• **WORK REQUIRED**
Count how many lines in the data hold "with". Only the number.

• **DATA PROVIDED**
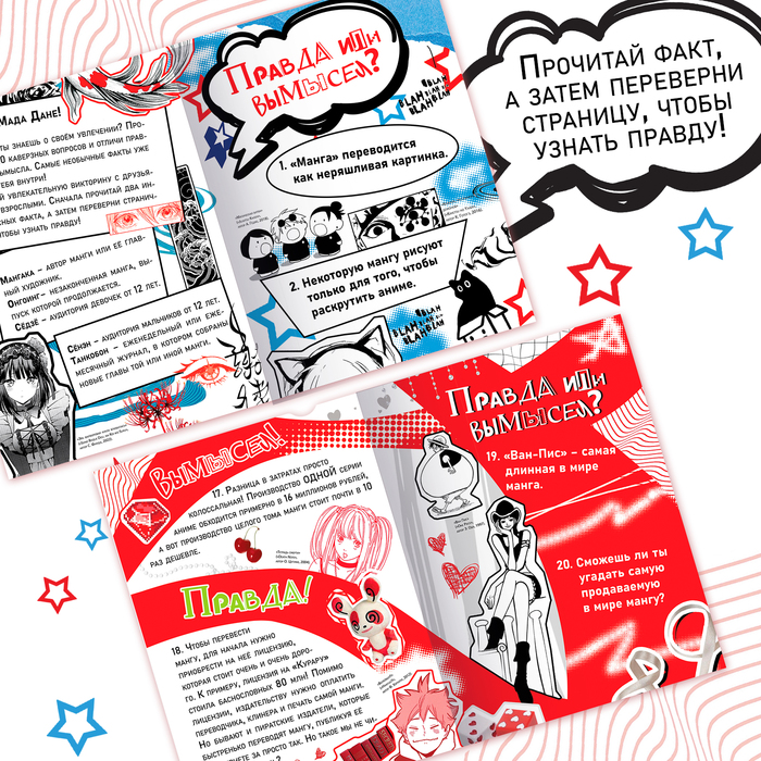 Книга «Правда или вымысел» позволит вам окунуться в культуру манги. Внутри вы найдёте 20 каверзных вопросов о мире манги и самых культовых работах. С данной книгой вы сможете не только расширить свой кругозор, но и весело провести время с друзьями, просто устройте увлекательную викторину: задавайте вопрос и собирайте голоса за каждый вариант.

* * *

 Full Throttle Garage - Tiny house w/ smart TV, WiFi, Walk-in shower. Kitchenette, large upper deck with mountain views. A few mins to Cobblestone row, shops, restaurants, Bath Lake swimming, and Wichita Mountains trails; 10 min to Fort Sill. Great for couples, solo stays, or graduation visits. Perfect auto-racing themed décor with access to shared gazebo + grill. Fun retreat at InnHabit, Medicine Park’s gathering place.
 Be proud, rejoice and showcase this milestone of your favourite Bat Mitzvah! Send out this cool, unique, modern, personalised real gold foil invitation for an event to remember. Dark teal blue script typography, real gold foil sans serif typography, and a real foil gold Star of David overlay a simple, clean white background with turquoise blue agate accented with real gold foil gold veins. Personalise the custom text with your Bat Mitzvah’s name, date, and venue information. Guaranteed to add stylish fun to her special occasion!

* * *

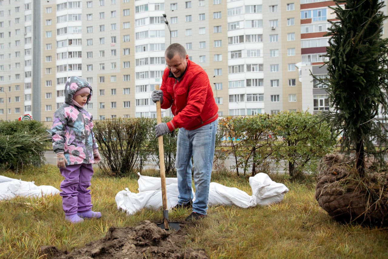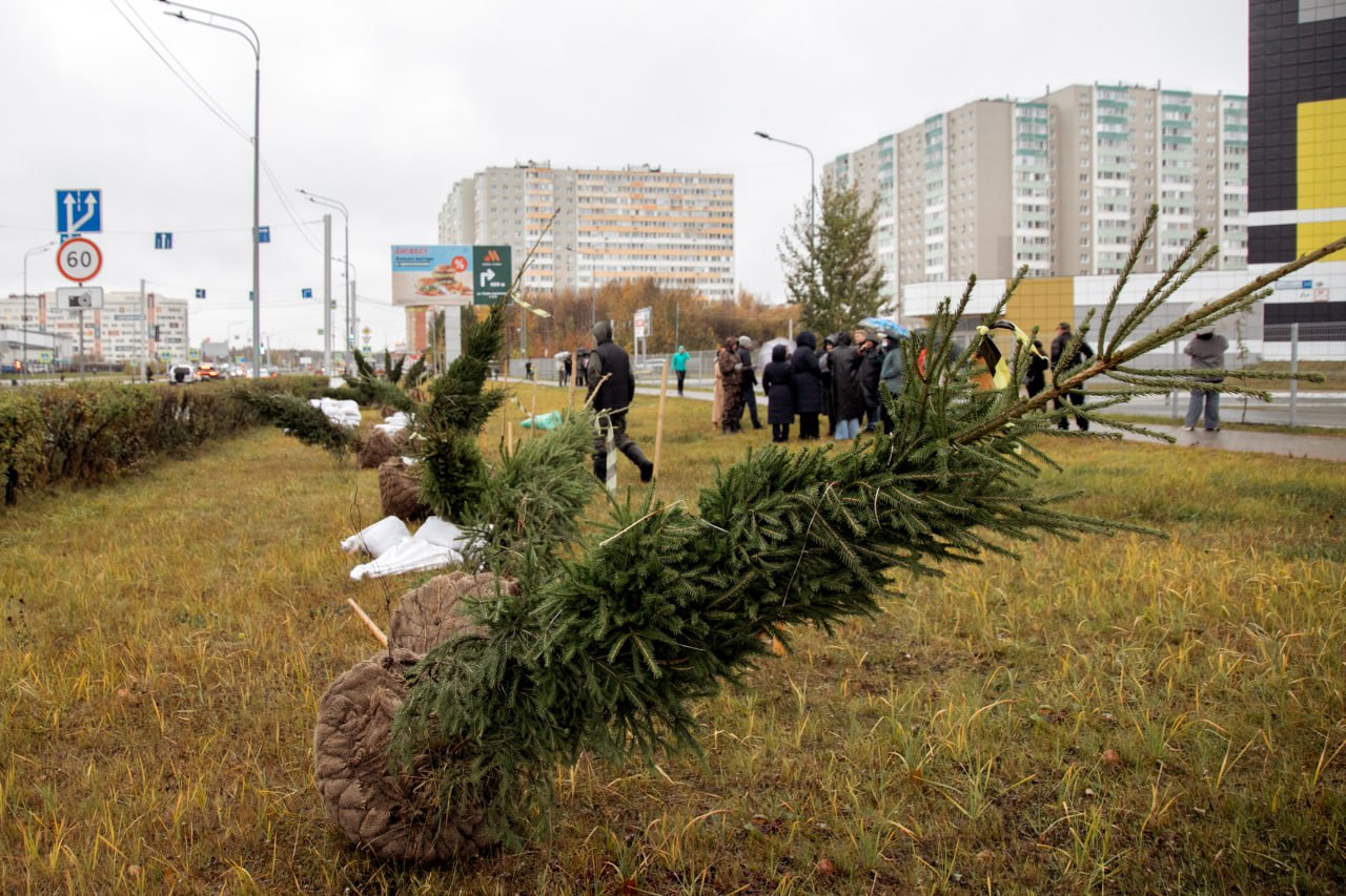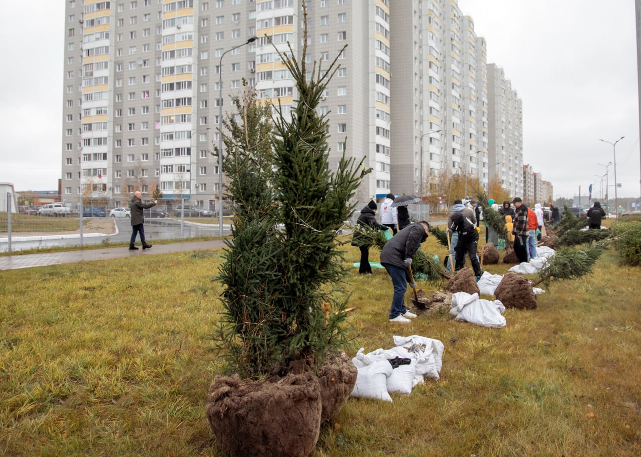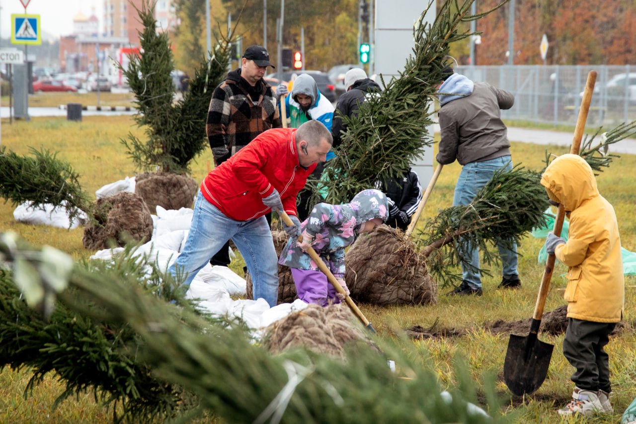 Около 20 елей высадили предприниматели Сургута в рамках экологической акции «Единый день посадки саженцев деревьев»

• **OUTPUT OF THE TASK**
2